WHAT YOU WILL DO. Using the entries that follow, transcribe only the lines from the line with "1x ESP32-C3 Mini" to the line with "Jordan, there isn't", both included, exactly as they stand and without pictures.

DATA TO USE.
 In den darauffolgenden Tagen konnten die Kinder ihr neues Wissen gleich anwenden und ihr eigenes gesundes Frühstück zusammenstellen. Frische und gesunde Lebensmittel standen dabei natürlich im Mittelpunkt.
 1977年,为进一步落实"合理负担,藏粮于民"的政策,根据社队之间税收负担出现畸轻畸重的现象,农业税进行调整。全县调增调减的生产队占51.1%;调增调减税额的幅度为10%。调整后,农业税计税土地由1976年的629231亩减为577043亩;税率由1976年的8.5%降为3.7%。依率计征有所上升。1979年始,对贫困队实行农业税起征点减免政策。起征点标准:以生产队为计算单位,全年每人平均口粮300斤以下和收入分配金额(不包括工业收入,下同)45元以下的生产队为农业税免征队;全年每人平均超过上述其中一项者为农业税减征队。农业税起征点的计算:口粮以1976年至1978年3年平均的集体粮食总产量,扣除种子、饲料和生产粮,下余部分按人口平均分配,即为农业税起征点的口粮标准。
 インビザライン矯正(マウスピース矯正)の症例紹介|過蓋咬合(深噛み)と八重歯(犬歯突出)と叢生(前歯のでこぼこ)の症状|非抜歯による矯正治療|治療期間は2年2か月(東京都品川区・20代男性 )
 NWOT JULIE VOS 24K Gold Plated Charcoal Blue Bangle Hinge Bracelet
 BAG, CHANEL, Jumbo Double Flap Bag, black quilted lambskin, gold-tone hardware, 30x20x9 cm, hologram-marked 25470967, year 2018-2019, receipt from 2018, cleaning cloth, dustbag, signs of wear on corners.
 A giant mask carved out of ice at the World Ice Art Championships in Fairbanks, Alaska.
--
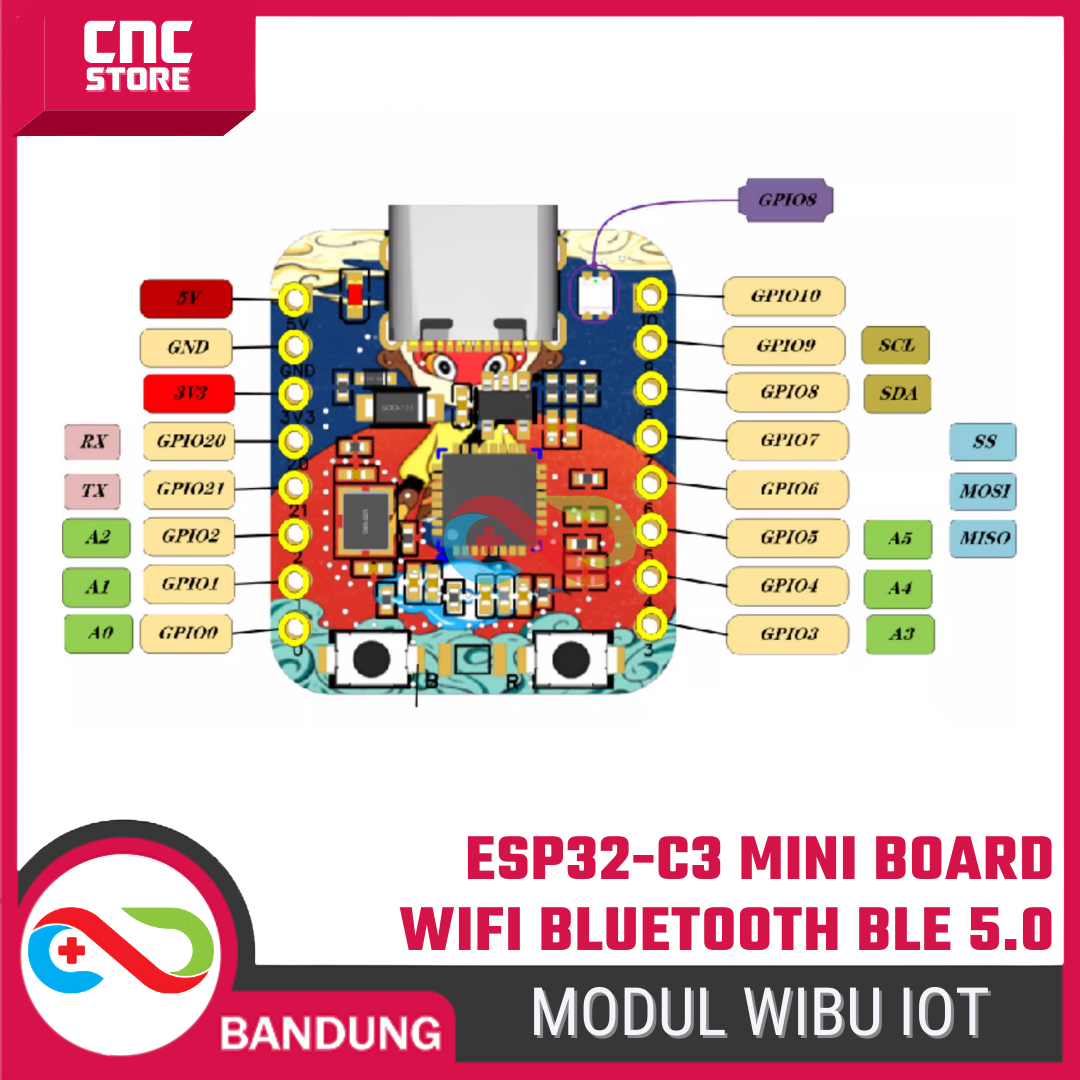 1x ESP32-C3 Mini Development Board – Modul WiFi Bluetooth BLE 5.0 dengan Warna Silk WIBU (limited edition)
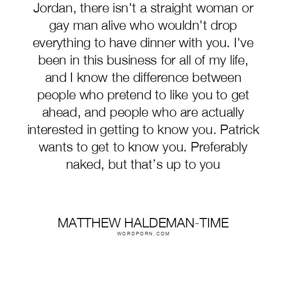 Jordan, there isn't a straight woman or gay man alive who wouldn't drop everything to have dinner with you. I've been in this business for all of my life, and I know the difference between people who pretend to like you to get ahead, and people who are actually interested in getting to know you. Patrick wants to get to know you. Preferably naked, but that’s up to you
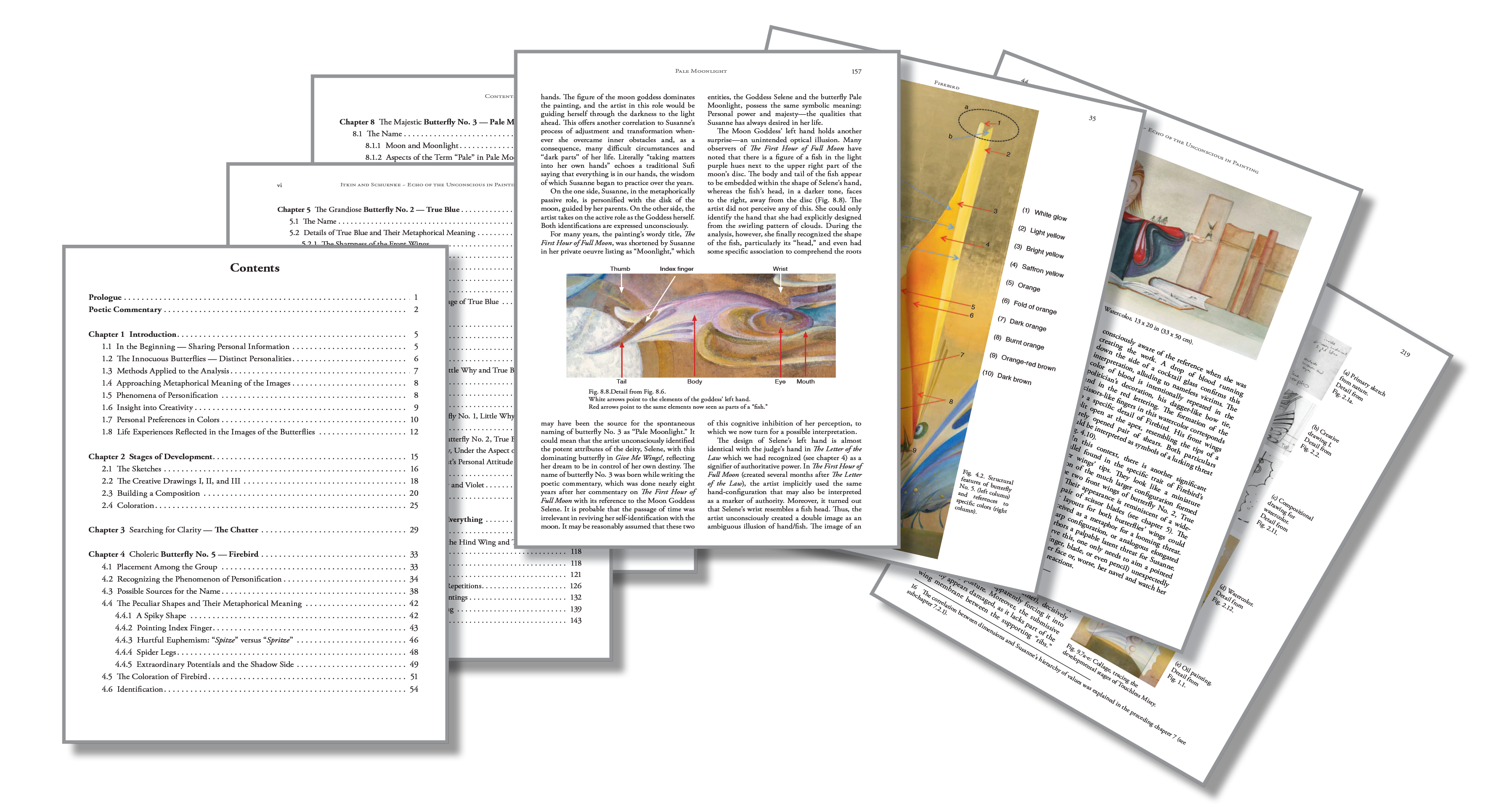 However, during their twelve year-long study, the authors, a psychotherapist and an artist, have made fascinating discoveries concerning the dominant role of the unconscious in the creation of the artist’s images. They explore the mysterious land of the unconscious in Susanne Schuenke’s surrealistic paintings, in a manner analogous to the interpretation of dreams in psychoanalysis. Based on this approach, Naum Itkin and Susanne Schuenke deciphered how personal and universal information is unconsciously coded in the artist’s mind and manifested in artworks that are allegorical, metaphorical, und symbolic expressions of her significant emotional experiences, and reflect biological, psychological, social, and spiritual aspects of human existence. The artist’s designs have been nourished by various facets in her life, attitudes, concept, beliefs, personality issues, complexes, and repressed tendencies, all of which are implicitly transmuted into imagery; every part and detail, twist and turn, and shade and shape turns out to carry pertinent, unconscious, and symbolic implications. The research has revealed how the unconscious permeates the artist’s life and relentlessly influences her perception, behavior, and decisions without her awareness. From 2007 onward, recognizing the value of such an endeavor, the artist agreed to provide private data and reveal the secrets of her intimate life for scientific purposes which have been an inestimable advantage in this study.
* * *
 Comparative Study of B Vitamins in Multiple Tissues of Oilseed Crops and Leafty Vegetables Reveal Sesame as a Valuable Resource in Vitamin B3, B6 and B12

ANSWER TO THIS EXERCISE.
 1x ESP32-C3 Mini Development Board – Modul WiFi Bluetooth BLE 5.0 dengan Warna Silk WIBU (limited edition)
 Jordan, there isn't a straight woman or gay man alive who wouldn't drop everything to have dinner with you. I've been in this business for all of my life, and I know the difference between people who pretend to like you to get ahead, and people who are actually interested in getting to know you. Patrick wants to get to know you. Preferably naked, but that’s up to you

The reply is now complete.